Speaker
Description
Field-theoretical approach of the vector meson resonance production in reaction
$A+B\Longrightarrow V+X\Longrightarrow 1+2+X$ is applied to the
determination of location of the $V$-meson spin quantization axis.
In this approach amplitude of the reaction $A+B\Longrightarrow 1+2+X$ is
a product of the on shell and off shell amplitudes of
the subreactions $A+B\Longrightarrow V+X$ and $V\to 1+2$ correspondingly.
Off shell behavior of the $V$-meson decay amplitude
ensures separability of the amplitude $A+B\Longrightarrow 1+2+X$
and indicates the need to take into account the decay width of the $V$-meson resonance.

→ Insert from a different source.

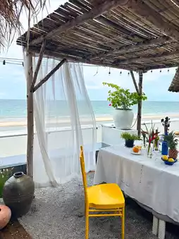 Every time I go to Hua Hin, there are cafes popping up like mushrooms. There are really a lot of cafes. And this is another cafe that we read reviews from and most importantly, many influencers stop by here. It's a small shop by the sea that everyone will definitely fall in love with. Or another name is Chaplu Cafe. Pin it and you won't get lost because this place is in the hotel. #100 ways to travel

The 3D time-ordered relativistic field-theoretical equations are suggested
for the off shell $V$-meson decay amplitude $V\to 1+2$.
It is shown that the special cases of the considered formulation were used
in numerous high energy experiments in order to study of asymmetries
and alignment of the particles 1 and 2 in
reactions $A+B\Longrightarrow V+X\Longrightarrow 1+2+X$.
Special attention is given to the partial wave decomposition of the
relativistic amplitudes and cross section over the
the orbital moments and spin of the
intermediate $V$-meson and final particles 1 and 2. Equivalence of this
partial wave decomposition and Jacob-Wick decomposition is considered.